| What this task involves |
Starting with the line that contains "(日本製 不織布)エリエール ハイパーブロックマスク" and ending with the last line of the listing, print each line exactly. Pictures stay out.

| Source material |
------------------------------------

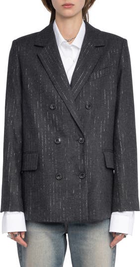 This rock-'n'-roll-infused blazer goes beyond the traditional 9-to-5 tailored in a relaxed, double-breasted silhouette that's streaked with metallic threads for shooting-star shimmer.
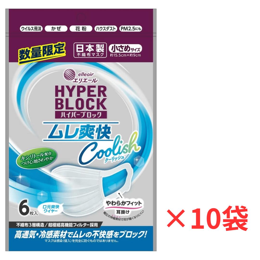 (日本製 不織布)エリエール ハイパーブロックマスク ムレ爽快クーリッシュ 小さめサイズ 6枚入り×・・・
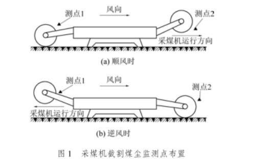 為研究大采高綜采工作面截割煤塵分布特征,分別在采煤機前后滾筒附近布置煤塵監(jiān)測點,測量順風情況下和逆風情況下大采高綜采工作面PM10,PM5,PM2.5的粉塵質量濃度,測點布置如圖1所示。測量時采煤機運行至工作面中部,即前后兩滾筒分別在65號和75號支架附近,測點布置沿風流風向依次布置,因此在順風情況下,測點1位于采煤機后滾筒附近,測點2位于采煤機前滾筒附近;逆風時,測點1位于采煤機前滾筒附近,測點2位于采煤機后滾筒附近。測量儀器選用SidePak AM520i型個體暴露粉塵儀。該儀器可實時顯示并記錄PM10、PM5、PM2.5質量濃度。

------------------------------------

| Your response |
 (日本製 不織布)エリエール ハイパーブロックマスク ムレ爽快クーリッシュ 小さめサイズ 6枚入り×・・・
 為研究大采高綜采工作面截割煤塵分布特征,分別在采煤機前后滾筒附近布置煤塵監(jiān)測點,測量順風情況下和逆風情況下大采高綜采工作面PM10,PM5,PM2.5的粉塵質量濃度,測點布置如圖1所示。測量時采煤機運行至工作面中部,即前后兩滾筒分別在65號和75號支架附近,測點布置沿風流風向依次布置,因此在順風情況下,測點1位于采煤機后滾筒附近,測點2位于采煤機前滾筒附近;逆風時,測點1位于采煤機前滾筒附近,測點2位于采煤機后滾筒附近。測量儀器選用SidePak AM520i型個體暴露粉塵儀。該儀器可實時顯示并記錄PM10、PM5、PM2.5質量濃度。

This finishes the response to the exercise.